> **Task directions**:
Look through the records below for the line holding "Vegan Ivory, Black & Red Flat Cuff – Size M". Write it out exactly, with each following line through the line holding "這是深冰芯房?jī)?nèi)10米深的鉆探槽(1月12日攝)。  新華社記者 劉詩(shī)平".

> **Given entries**:
========================================

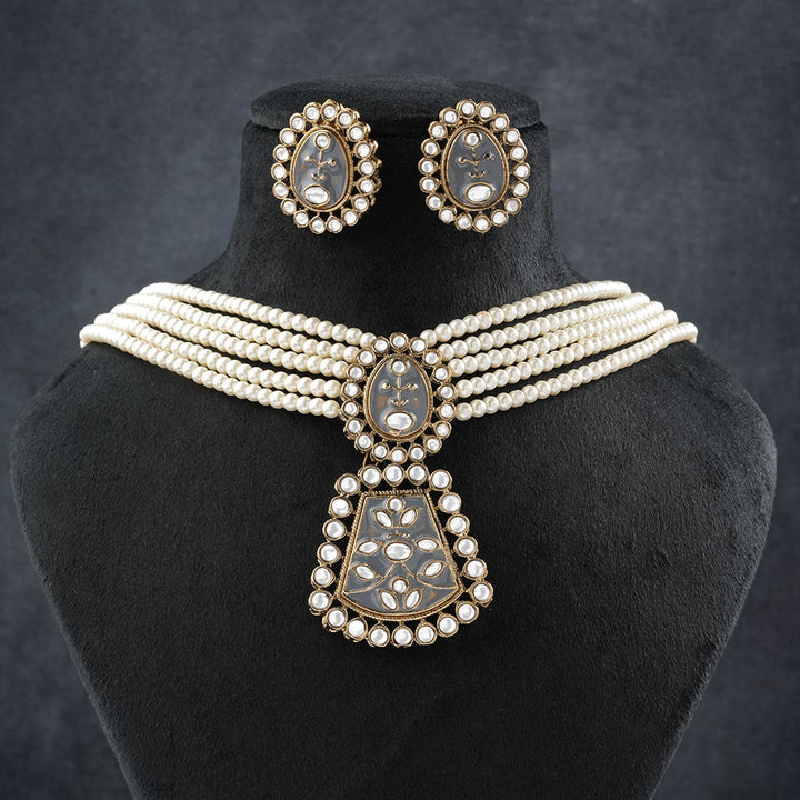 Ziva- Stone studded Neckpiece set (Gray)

========================================

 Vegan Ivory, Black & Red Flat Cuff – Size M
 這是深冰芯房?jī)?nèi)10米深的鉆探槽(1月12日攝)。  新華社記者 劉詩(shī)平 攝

========================================

> **Answer space**:
 Vegan Ivory, Black & Red Flat Cuff – Size M
 這是深冰芯房?jī)?nèi)10米深的鉆探槽(1月12日攝)。  新華社記者 劉詩(shī)平 攝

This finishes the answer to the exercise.